Writing about the space shuttle disaster, Gregg Easterbrook in Time magazine gives expression to the liberal mindset that sees America not as a country but as the incarnation of liberal ideology and progress:

A spacecraft is a metaphor of national inspiration: majestic, technologically advanced, produced at dear cost and entrusted with precious cargo, rising above the constraints of the earth. The spacecraft carries our secret hope that there is something better out there—a world where we may someday go and leave the sorrows of the past behind. The spacecraft rises toward the heavens exactly as, in our finest moments as a nation, our hearts have risen toward justice and principle. And when, for no clear reason, the vessel crumbles, as it did in 1986 with Challenger and last week with Columbia, we falsely think the promise of America goes with it.

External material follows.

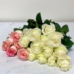 Очаровательный букет из 15 роз сочетает нежные белые и романтичные розово-персиковые бутоны. Контраст мягких оттенков создаёт изысканный и элегантный образ, который подойдёт для признания в любви, поздравления или просто для того, чтобы порадовать близкого человека. Каждая роза отобрана вручную, чтобы подчеркнуть изящество и утончённость букета. Простой и стильный, он идеально впишется в любой интерьер и подарит атмосферу тепла и нежности.
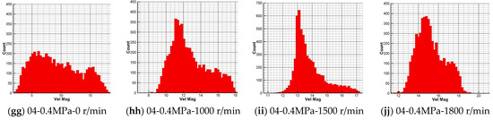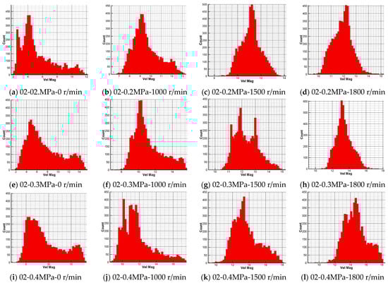 Figure 8 illustrates the distribution of droplet quantities at various speeds under different experimental conditions. Based on the experimental data, droplet velocities are categorized as follows: Speeds ranging from 0 to 6 m/s are defined as low-speed droplets; speeds from 6 to 12 m/s are termed medium-speed droplets; and speeds exceeding 12 m/s are classified as high-speed droplets.

Truly, only a liberal could gaze upon the awe-inspiring sight of a space ship lifting off and be reminded of, apparently, the 1964 Civil Rights Act (“our finest moments as a nation, [when] our hearts have risen toward justice and principle”). And, by the same token, only liberals could think (though Easterbrook says they’re mistaken to do so) that the crash of a space ship means the end of liberalism, and thus the end of any larger meaning of America. But that’s what happens when you define your country as a progressive idea.

Posted by Lawrence Auster at February 03, 2003 03:35 PM | Send
    
Comments

Still, I like the explicit use of blasting off into outer space as a metaphor for the liberal vision of government.